Saved entries

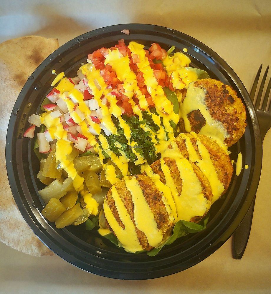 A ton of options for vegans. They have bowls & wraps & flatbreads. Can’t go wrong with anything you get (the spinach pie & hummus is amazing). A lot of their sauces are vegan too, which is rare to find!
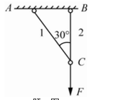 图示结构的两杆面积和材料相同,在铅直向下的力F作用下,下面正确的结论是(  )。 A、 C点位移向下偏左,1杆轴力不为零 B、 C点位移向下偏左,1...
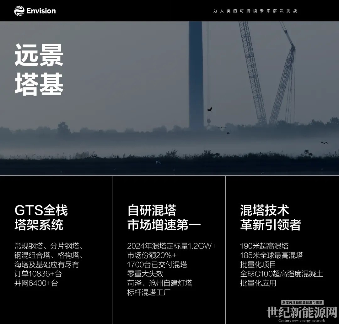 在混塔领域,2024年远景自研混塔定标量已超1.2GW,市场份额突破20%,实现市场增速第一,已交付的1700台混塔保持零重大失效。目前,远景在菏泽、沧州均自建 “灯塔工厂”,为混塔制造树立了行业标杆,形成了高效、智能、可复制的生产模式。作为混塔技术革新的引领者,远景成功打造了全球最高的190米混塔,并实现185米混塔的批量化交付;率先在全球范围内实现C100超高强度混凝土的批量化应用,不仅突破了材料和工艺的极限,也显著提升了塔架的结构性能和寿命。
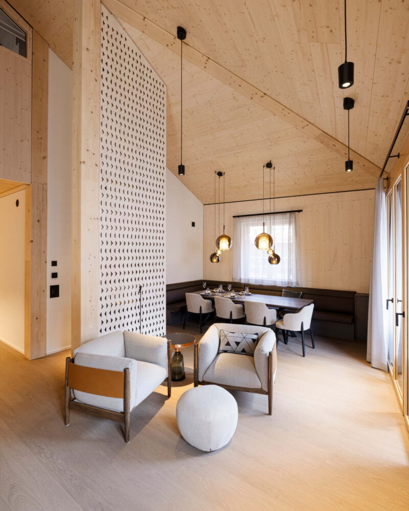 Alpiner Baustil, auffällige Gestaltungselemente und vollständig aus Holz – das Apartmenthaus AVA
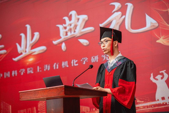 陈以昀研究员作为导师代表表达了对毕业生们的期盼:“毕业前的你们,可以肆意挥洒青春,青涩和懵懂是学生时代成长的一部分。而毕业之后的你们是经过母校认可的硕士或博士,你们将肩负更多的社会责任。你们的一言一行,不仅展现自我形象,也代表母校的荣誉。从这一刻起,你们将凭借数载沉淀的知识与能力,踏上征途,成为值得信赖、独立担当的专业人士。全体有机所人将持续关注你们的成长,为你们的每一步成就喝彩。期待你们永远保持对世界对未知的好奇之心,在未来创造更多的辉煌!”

WHAT IS EXPECTED:
Once the line containing "在混塔领域,2024年远景自" is found in the records above, it and every line after it up to the last must be repeated exactly, without pictures.

SOLVED EXERCISE:
 在混塔领域,2024年远景自研混塔定标量已超1.2GW,市场份额突破20%,实现市场增速第一,已交付的1700台混塔保持零重大失效。目前,远景在菏泽、沧州均自建 “灯塔工厂”,为混塔制造树立了行业标杆,形成了高效、智能、可复制的生产模式。作为混塔技术革新的引领者,远景成功打造了全球最高的190米混塔,并实现185米混塔的批量化交付;率先在全球范围内实现C100超高强度混凝土的批量化应用,不仅突破了材料和工艺的极限,也显著提升了塔架的结构性能和寿命。
 Alpiner Baustil, auffällige Gestaltungselemente und vollständig aus Holz – das Apartmenthaus AVA
 陈以昀研究员作为导师代表表达了对毕业生们的期盼:“毕业前的你们,可以肆意挥洒青春,青涩和懵懂是学生时代成长的一部分。而毕业之后的你们是经过母校认可的硕士或博士,你们将肩负更多的社会责任。你们的一言一行,不仅展现自我形象,也代表母校的荣誉。从这一刻起,你们将凭借数载沉淀的知识与能力,踏上征途,成为值得信赖、独立担当的专业人士。全体有机所人将持续关注你们的成长,为你们的每一步成就喝彩。期待你们永远保持对世界对未知的好奇之心,在未来创造更多的辉煌!”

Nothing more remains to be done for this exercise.